As some kids move into puberty, they might use hormone blockers and, eventually, start hormone therapy to help their bodies transform from male to female, or vice versa. But any kind of surgery, experts say, is still relatively rare, even in adolescence.
The parents of Coy Mathis, are suing their school district in Fountain, Colo., because a separate bathroom was not a workable solution. Kathryn Mathis, Coy's mother, says it's about more than that.
"If it were just a toilet, then just having the gender-neutral option would be fine. But it's really about being accepted," Mathis says.
Mathis says she's heard from several parents who've made the decision for their transgender children to go "stealth." In other words, they make the transition from boy to girl or girl to boy and then move, so no one knows.

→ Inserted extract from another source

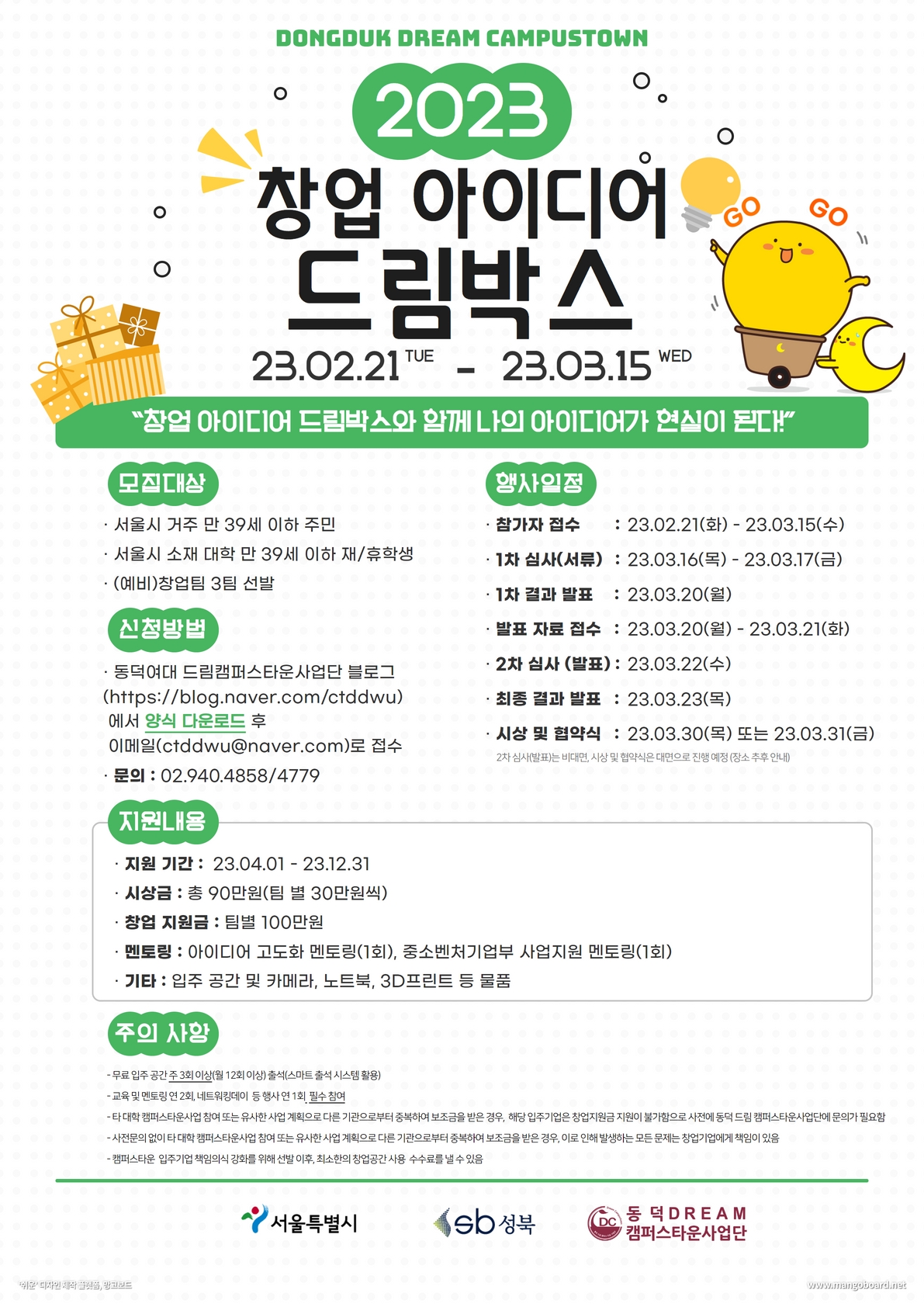 1. 프로그램명 : 2023 창업 아이디어 드림박스 “창업 아이디어 드림박스와 함께 나의 아이디어가 현실이 된다!” 2. 모집대상 : 서울시 거주 만 39세 이하 주민(성북구 거주 우대), 서울시 소재 대학 만 39세 이하 재·휴학생(성북구 지역 대학 우대) 3. 선발인원 : (예비)창업팀 3팀 4. 모집 및 선발 세부 일정

"That's how they're doing it ... because there aren't laws to protect them," Mathis says.
But Scott Morrison, a transgender student at Grant High School in Oregon, says having support at home and at school, as he did, makes a big difference.
Morrison, a graduating senior, moved to Oregon from Virginia three years ago.
"Gender identity is probably the most important part of me," Morrison says. "It's the most important discovery I've made about myself."
He transitioned from female to male a year later and says support from his mom, his friends and his new school and help from a counselor likely prevented him from committing suicide.
According to a 2010 National Transgender Discrimination Survey, 41 percent of transgender people surveyed said they had attempted suicide. That figure rose to 51 percent for those who said they'd also been bullied, harassed, assaulted or expelled because they were transgender or gender nonconforming at school. The survey was a joint project of the National Center for Transgender Equality and the National Gay and Lesbian Task Force.
With more support and an ability to live more openly, however, some wonder if it will be better for transgender and gender variant kids.
"I'll be really curious to see what this next generation looks like," says Masen Davis, the executive director of the Transgender Law Center, a civil rights and advocacy organization based in San Francisco. "I'm hopeful."